Figure 3  Private Provision vs. Government Provision

Econ2003-18-03

Empire Building

It is a commonplace observation that work expands so as to fill the time available for its completion. Politicians and taxpayers have assumed with occasional phases of doubt that a rising total in the number of civil servants must reflect a growing volume of work to be done. Cynics, in questioning this belief, have imagined that the multiplication of officials must have left some of them idle or all of them able to work for shorter hours. But this is a matter in which faith and doubt seem equally misplaced. The fact is that the number of the officials and the quantity of the work to be done are not related to each other at all.

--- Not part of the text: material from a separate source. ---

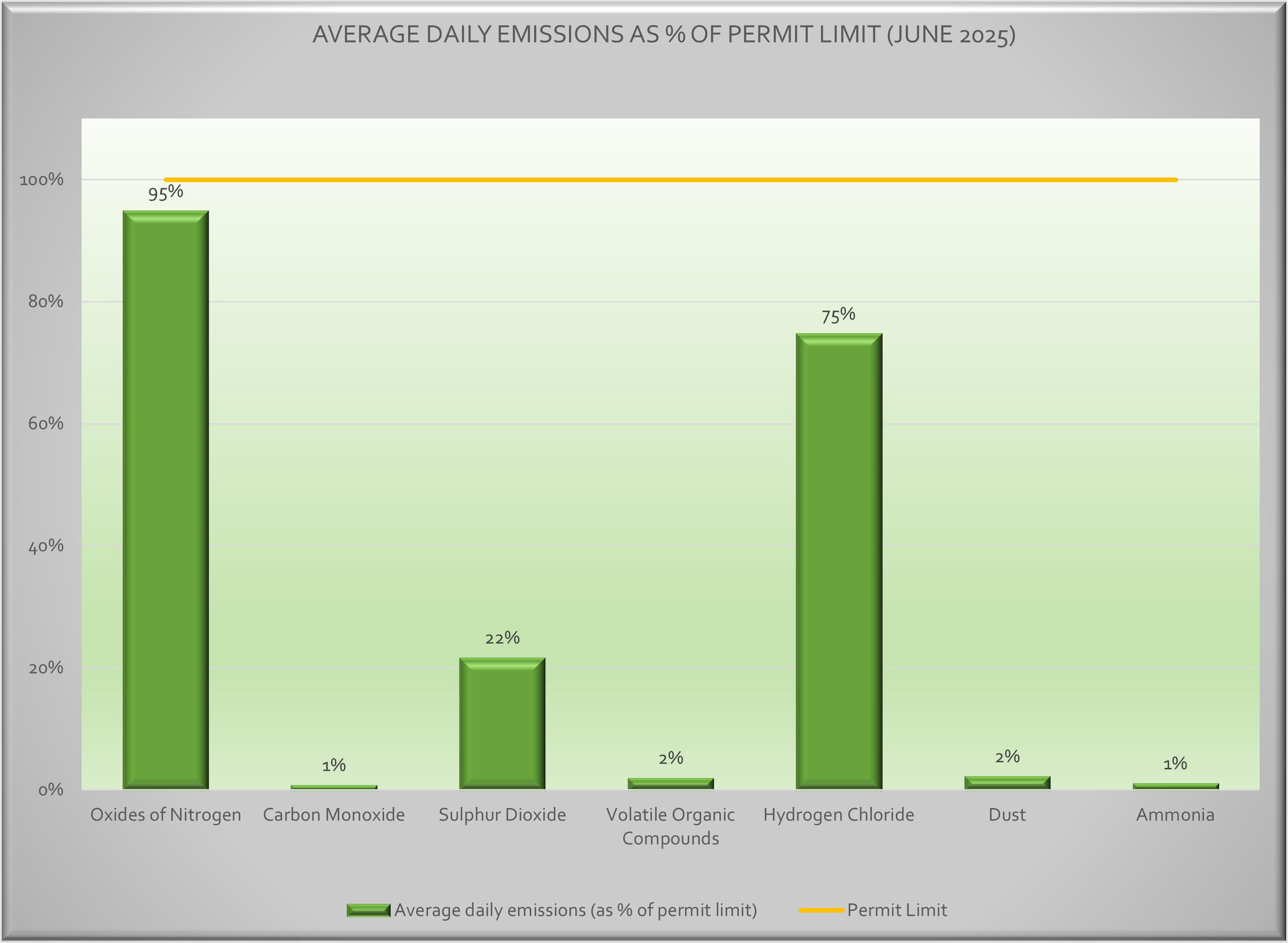 The graph shows the level of permissible emissions according to the Environmental Permit, shown by an orange line. The actual emissions produced by the facility are shown in green as a percentage average output over the month. For this month, all emissions produced are below the permitted limit set by the Environment Agency and our permit.

C. Northcote Parkinson [2]


Salary and status in a bureaucracy tend to be positively related to the numbers and levels of employees a manager supervises and the budget for which the manager is responsible. Thus, managers at all levels have incentives to acquire as many employees as possible, a practice termed empire building. In business, this usually requires showing that your division has extraordinary profit potential. In government bureaus, however, it normally requires persuading legislators of the enormity of the problem your agency is supposed to cure. Thus, law enforcement officials predictably talk about organized crime and anarchy in the streets; educators decry teacher shortages and growing demands on our schools; admirals and generals stress world unrest; agriculture officials lament the plight of the family farmer—the ways bureaucrats try to build demands for their services seem endless.


 

The Growth of Government

Few experts in any field ever conclude that their area will be of less concern in the foreseeable future. Thus, few credible witnesses are available to dispute claims that society needs to devote more resources in any number of directions. This is another instance of asymmetric information and principal–agent problems in governmental processes. The result is that legislators, many of whom might want to slash taxes, are inundated with well-documented requests for more funding in support of almost all programs.

 

Pressing social problems seem to beget new programs that acquire lives of their own, even if the original problem fades away. Trying to identify areas to cut is often an exercise in frustration. Interest groups (including bureaucrats) become accustomed to programs that benefit them and always want more rather than less. Attempts to cut any spending category provoke intense lobbying. One common strategy used by bureau chiefs to combat proposed budget cuts is to assert that any cuts threaten a bureau’s most popular services. This usually arouses loud support from the bureau’s clients. This was one tactic used by some opponents of attempts to cut military spending in the early 1990s. When military bases were scheduled to be closed, local merchants made sure that their elected officials worked long and hard to keep open facilities that were the hub of local commerce. The predictable result of the political processes described in this chapter? Government grows and grows, with no end in sight.

 

Public choice analysis identifies a number of problems inherent in political processes. Voting only crudely signals citizens’ preferences and is flawed by apathy and rational ignorance; candidates base campaigns on image instead of substance; legislation is diverted from efficiently satisfying public wants by logrolling, pork barrel projects, and rent seeking; and bureaucratization yields incentives for sloth and artificial growth.

 



[1] Dennis C. Mueller, Public Choice II (New York: Cambridge University Press, 1989

[2] C. Northcote Parkinson, “Parkinson’s Law,” The Economist, November 1955.